Saturday, June 9, 2018

We Shouldn’t Fear the Change Diverse Housing Types Herald

Aerial view of a typical, established R-1 neighborhood in Eugene (Imagery: © 2018 Google)

It's human nature to be wary of change. Change is perturbing and stressful. We instinctively cling to the few certainties we can count on. They constitute our comfort zone. It’s no surprise many of us want our neighborhoods to stay just the way they are now. We don’t want them to change, especially if we intend to stay in our current homes for a long time. 

The problem is, as much as we’d like to forestall change, no one can avoid it: We work for decades but eventually retire. Our children grow up and leave the nest. We may separate or divorce, dramatically altering our life’s equation. We’re not immune to the possibility of financial misfortune or encountering health problems. We certainly can’t escape becoming older and less capable of maintaining the lifestyle we may presently enjoy. Change is simply a fact of life. 

Leaving our comfort zone is unsettling but we’ll need to if we and our communities are to adapt and thrive. Today’s housing affordability crisis is a case in point. Resistance to the introduction of new and creative housing solutions responsive to our changing demographics and marketplace is symptomatic of our fear of change, but we ignore it at our own peril. We instinctively know this but many Eugeneans reflexively resist change rather than embracing the possibilities inherent in new opportunities. We do this even though we may one day directly benefit from the availability of a greater breadth of housing options, such as those that allow us to gracefully age in place. 

Those fortunate enough to be housing-secure can easily misjudge how the lack of affordable housing impacts our entire community. Rather than fearing the housing affordability challenge and the change it portends, we need to confront it to preserve the qualities we find most attractive about life in Eugene. 

Growth here has widened a disparity between the supply of housing and the tremendous demand for affordable options. Increasing the breadth and availability of a range of housing types is part of the solution to a problem that threatens Eugene’s resilience and everyone’s standard of living. For example, “missing middle” housing types—which include side-by-side and stacked duplexes, bungalow courts, carriage houses, fourplexes, townhouses, courtyard apartments, and accessory dwelling units—can provide a range of choices, a range that presently is conspicuously absent here. 

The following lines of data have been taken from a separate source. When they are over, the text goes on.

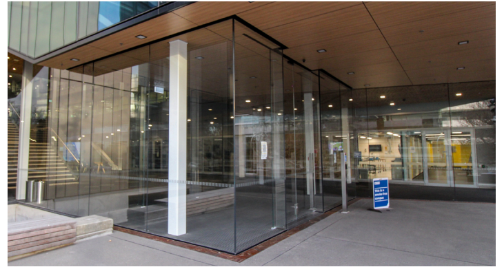
UOA Engineering 405 - channel glazed entrance with frameless glass doors
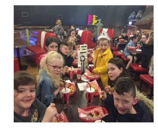
Confidence Building at Roe Valley Arts and Cultural Centre
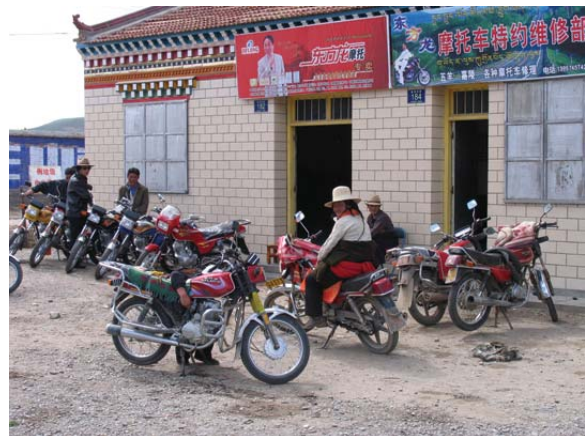
Nomads on motor-bikes in Amdo, eastern Tibet, now Qinghai. Under Chinese policies of urbanization, more and more Tibetan nomads are required to settle in towns.
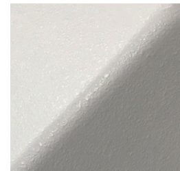
Typical White FRP Finish
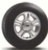
16" Aluminum Wheel
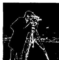
Fig 3. The result use Canny algorithm and mean shift algorithm.

The image processed by the method mention in this paper is better depict the contour of the main objects and fade out the mess outline of grass texture, and suit human vision system.
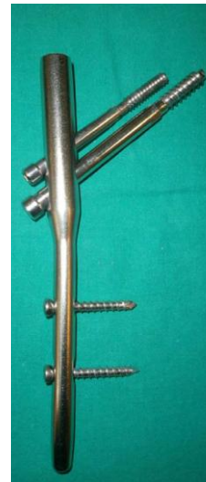
Trochanteric Fixation nail.
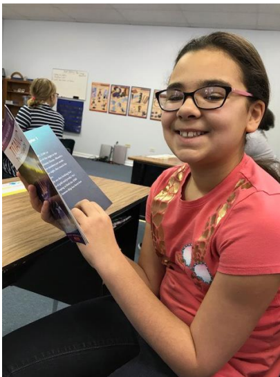
India enjoying one of our donated books.
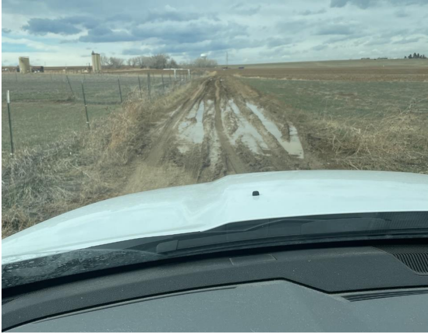
Photo 13 Roads deep ruts and holding water.
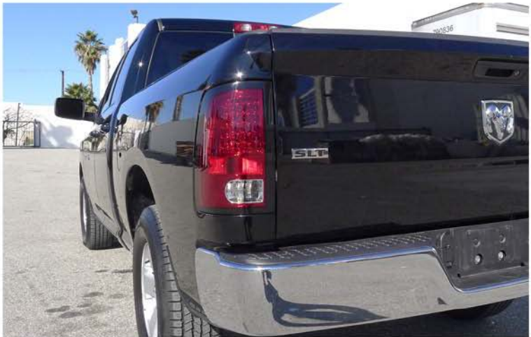
10. Please repeat the steps in order from 1 to 9 for the opposite side. The installation is now complete
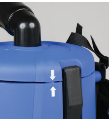
Arrows assist operator with securing canister lid and latches in the correct position. Easy to snap latches allow access to the canister and paper bag.

Onboard tool storage for quick and easy tool change. The complete tool kit is ideal for carpet and hard floors, overhead, and detail cleaning operations.
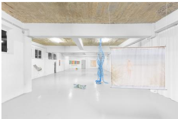
Single Framing: Second by Second, 2024 Double-sided sublimation printing onto transparent fabric, steel beams; UV printing onto acrylic, hinges, bolts; scratched away laser printing onto acetate film, steel beam, magnets; TV, audio piece; knotted ribbon, copper, wire. , Variable dimensions
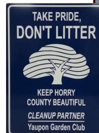
A pristine scene from Vereen Gardens
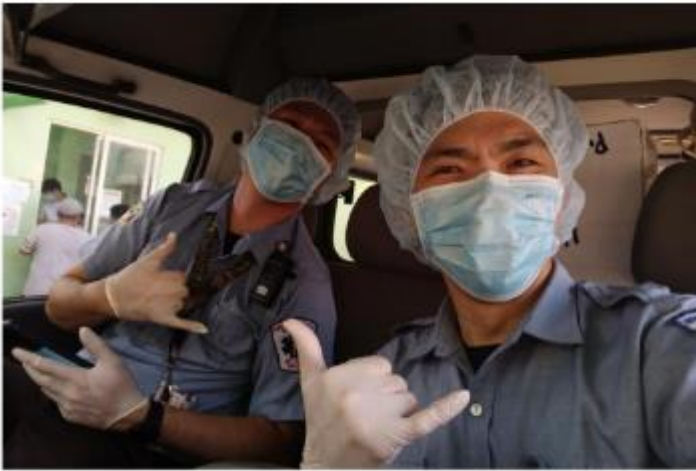
First response to possible Covid-19 patient. (January 27 2020). Photo taken while waiting for the patient to be admitted in a speciality hospital for infectious disease.
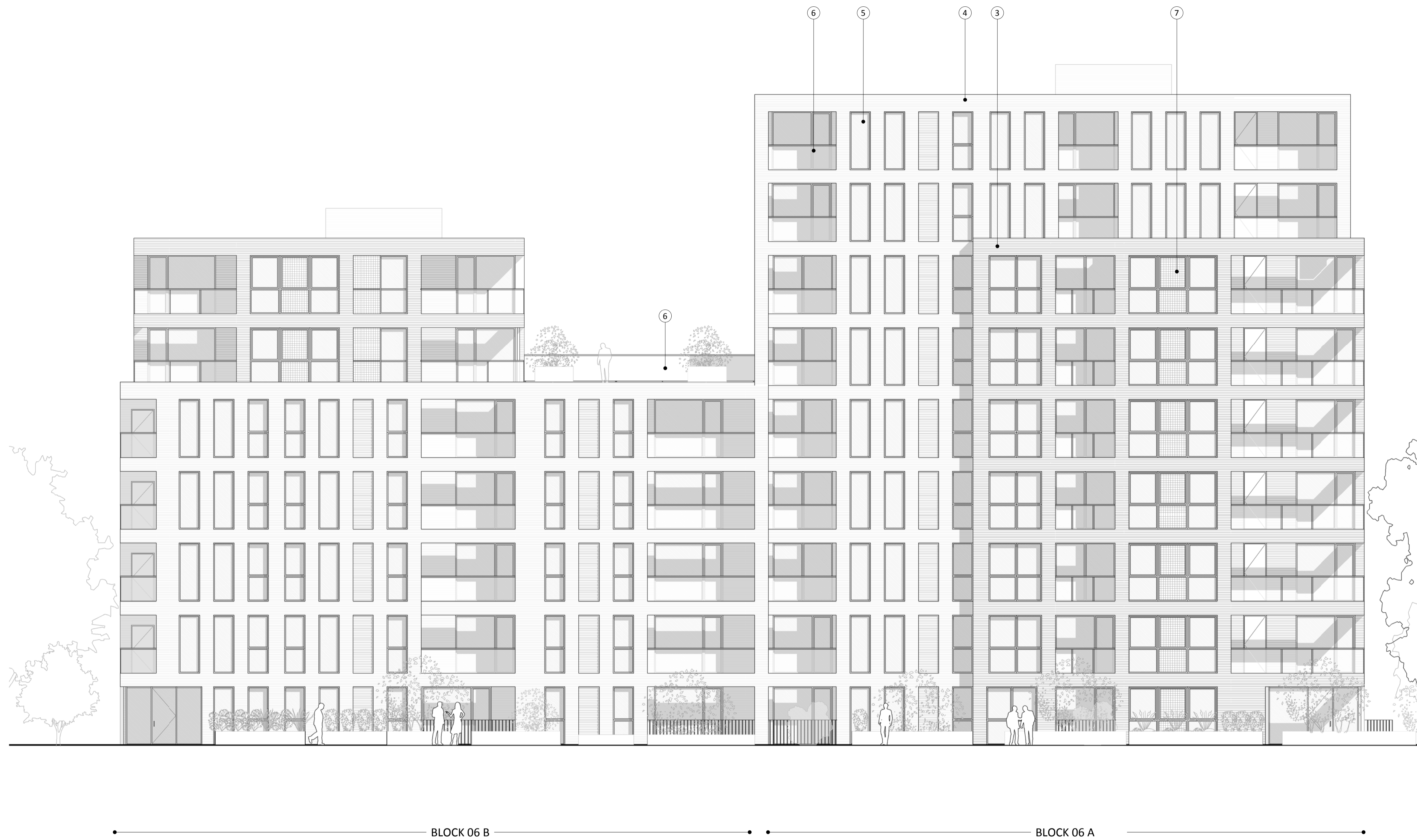
1 Block 06 (6A-6B) - East Elevation 1 : 100 @A1

NOTES CONSULTANTS - Refer to highways consultant's drawings for details - Refer to landscape consultant's drawings for details - Landscaping layout is indicative only AREAS - Refer to area schedule © Copyright Reserved. ColladoCollins Partners LLP
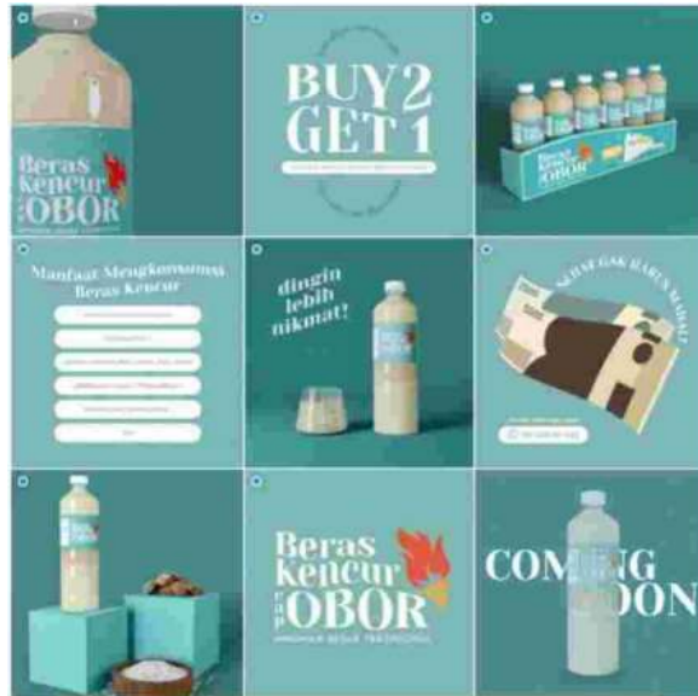
Figure 9. Beras Kencur Cap Obor Instagram Feeds

Cap Obor admin. After that, the product can be sent using delivery services such as Go-send, Grab Express, Paxel, or they can also make an appointment with the admin for cash on delivery.

Done well, what missing middle housing looks like belies the density possible; higher densities do not necessarily translate to bigger buildings. Keeping individual units small is the secret; 600 to 700 square feet apiece is often enough. Side-by-side duplexes can achieve a density of 12-19 dwelling units per acre; townhouses, up to 29 units per acre. As many as 50 DU/acre are possible with courtyard apartment configurations. Densities of 16 DU/acre or more are sufficient to support a nearby main street with locally-focused businesses and public transportation. 

All well and good, but where can we provide expanded housing opportunities while fulfilling the affordability, compact urban development, and neighborhood livability pillars of Envision Eugene? The intractability of concerned residents within long-established R-1 districts has proven to be a considerable obstacle, and yet it’s clear overcoming that obstacle is necessary to responsibly address our community’s growth and change. If we do nothing we will effectively accept financially gated neighborhoods in our midst, contrary to our better natures. 

Clearly, the market is demanding change. We need to provide a critical mass of housing to support complete, diverse, and walkable neighborhoods, while reducing pressures for development on the urban periphery. Taking R-1 districts off the table is problematic because so much of our land within our growth boundary is presently locked up inside them. 

All neighborhoods change over time. The recipe for success includes sustaining the patterns that make older neighborhoods unique, but also demands creative, inspired design. This may be the reason why it is elusive: the making of good, deferential architecture that respects its context isn’t always assured. Regardless, it’s clear our housing stock needs diversification to adequately address the myriad ways Eugene is changing. Certainly, managing change by densifying established neighborhoods will only work if it is the outcome of a community and neighbors-driven process that dives deeply into issues of structural form, market demand, affordability, and traffic impact. Lacking such a process, the inevitable results will be continued resistance. 

The housing affordability puzzle is enormously complex and certainly one a jiggering of our land use codes alone will not solve. Cities by themselves cannot attend to the deep structural issues responsible for a globally confounding problem. That said, we know fostering innovation in our housing rather than stifling it is necessary. The affordability crisis demands a ladder of housing opportunities.  Introducing new housing types within the fabric of R-1 districts won’t eliminate the problem but they can help address a range of issues beyond affordability. This is change we should not fear.